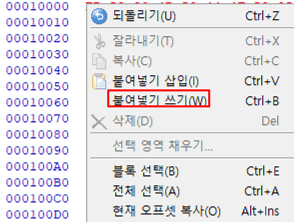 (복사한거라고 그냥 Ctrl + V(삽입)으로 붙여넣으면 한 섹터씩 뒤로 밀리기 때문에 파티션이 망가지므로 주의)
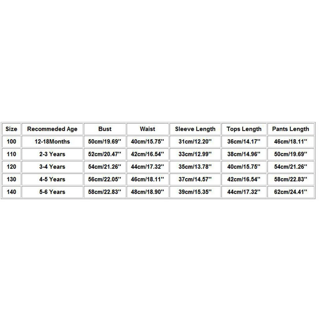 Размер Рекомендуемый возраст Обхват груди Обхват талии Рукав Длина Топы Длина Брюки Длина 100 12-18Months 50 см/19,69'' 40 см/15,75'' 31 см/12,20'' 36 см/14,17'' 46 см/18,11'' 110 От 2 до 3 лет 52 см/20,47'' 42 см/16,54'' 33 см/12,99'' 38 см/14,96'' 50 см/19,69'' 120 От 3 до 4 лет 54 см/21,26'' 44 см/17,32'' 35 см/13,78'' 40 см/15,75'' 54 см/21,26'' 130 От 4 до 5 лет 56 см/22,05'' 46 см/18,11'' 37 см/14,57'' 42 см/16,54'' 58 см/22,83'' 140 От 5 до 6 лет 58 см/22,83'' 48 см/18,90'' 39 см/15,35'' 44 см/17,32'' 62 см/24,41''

**********

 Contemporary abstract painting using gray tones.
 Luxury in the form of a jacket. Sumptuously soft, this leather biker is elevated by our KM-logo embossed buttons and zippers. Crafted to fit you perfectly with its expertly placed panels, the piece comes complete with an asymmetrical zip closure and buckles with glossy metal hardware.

**********

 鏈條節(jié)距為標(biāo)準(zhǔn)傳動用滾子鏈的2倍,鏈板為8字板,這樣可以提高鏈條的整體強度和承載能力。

**********

WHAT THE TASK ASKS: The required answer is the run of lines above, starting at the line with "Contemporary abstract painting" and ending at the line with "Luxury in the", reproduced exactly with both ends.

ANSWER TO THE EXERCISE:
 Contemporary abstract painting using gray tones.
 Luxury in the form of a jacket. Sumptuously soft, this leather biker is elevated by our KM-logo embossed buttons and zippers. Crafted to fit you perfectly with its expertly placed panels, the piece comes complete with an asymmetrical zip closure and buckles with glossy metal hardware.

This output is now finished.